On the extended entry ramp, there's a soaring, eighty-five-foot sculpture of pelts trapped by electrical wires. It can be read as a metaphor for the governance and financial structures limiting the Sámi. Partly a utility pole, part heavenly staircase, this part of the artwork, named Goavve-, relates to the Sámi word for an extreme weather phenomenon, in which dense layers of ice form as changing weather melt and solidify again the snow, locking in the reindeers' primary winter food, lichen. Goavvi is a outcome of planetary warming, which is occurring up to much more rapidly in the Polar region than elsewhere.

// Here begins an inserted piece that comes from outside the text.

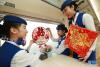 1月12日,春運前一天,西安客運段的乘務(wù)員們?yōu)榱私o車廂營造出暖暖的年味兒,購買了窗花、對聯(lián)、福字等節(jié)日喜慶物品裝飾車廂,讓春運期間回家過年的旅客一邁進車廂便能感受到濃郁的年味氣息。同時,他們還組織開展了“迎新春、送福字”活動,讓旅客帶福回家,與家人共度新春佳節(jié)。(通訊員 王曙天)

Three years ago, I met with Sara in the Norwegian far north during a goavvi winter and accompanied Sámi pastoralists on their motorized sleds in chilly conditions as they transported trailers of animal nutrition on to the exposed tundra to distribute through labor. The herd surrounded round us, scratching the slippery ground in vain for lichen-covered morsels. This expensive and laborious process is having a severe influence on animal rearing—and on the animals' natural survival. Yet the choice is death. When such conditions become commonplace, reindeer are perishing—a number from lack of food, others submerging after plunging into streams through unstable frozen surfaces. In a sense, the work is a tribute to them. "By overlapping of components, in a way I'm transporting the condition to London," says Sara.

Diverging Worldviews

The sculpture also underscores the stark contrast between the modern understanding of energy as a commodity to be harnessed for economic benefit and survival and the Sámi philosophy of energy as an inherent essence in creatures, individuals, and nature. The gallery's legacy as a coal and oil power station is linked with this, as is what the Sámi see as eco-imperialism by regional governments. As they strive to be standard bearers for renewable energy, Scandinavian countries have clashed with the Sámi over the construction of windfarms, water power facilities, and mines on their native soil; the Sámi contend their human rights, ways of life, and traditions are endangered. "It's challenging being such a tiny group to stand your ground when the justifications are grounded in global sustainability," Sara observes. "Mining practices has co-opted the rhetoric of ecology, but still it's just aiming to find alternative ways to continue patterns of use."

Individual Struggles

She and her kin have themselves clashed with the state authorities over its tightening policies on reindeer management. A few years ago, Sara's sibling embarked on a set of ultimately unsuccessful court actions over the required reduction of his animals, apparently to stop overgrazing. In support, Sara developed a extended collection of artworks titled Pile O'Sápmi featuring a huge screen of four hundred cranial remains, which was displayed at the 2017 event Documenta 14 and later purchased by the National Museum of Oslo, where it resides in the lobby.

The Role of Art in Awareness

For many Sámi, creative work is the sole sphere in which they can be understood by the global community. In 2022, Sara was {one of three|among a group of|

Christine Smith
Christine Smith

Automotive journalist with 12 years of experience covering electric vehicles and sustainable mobility trends across Europe.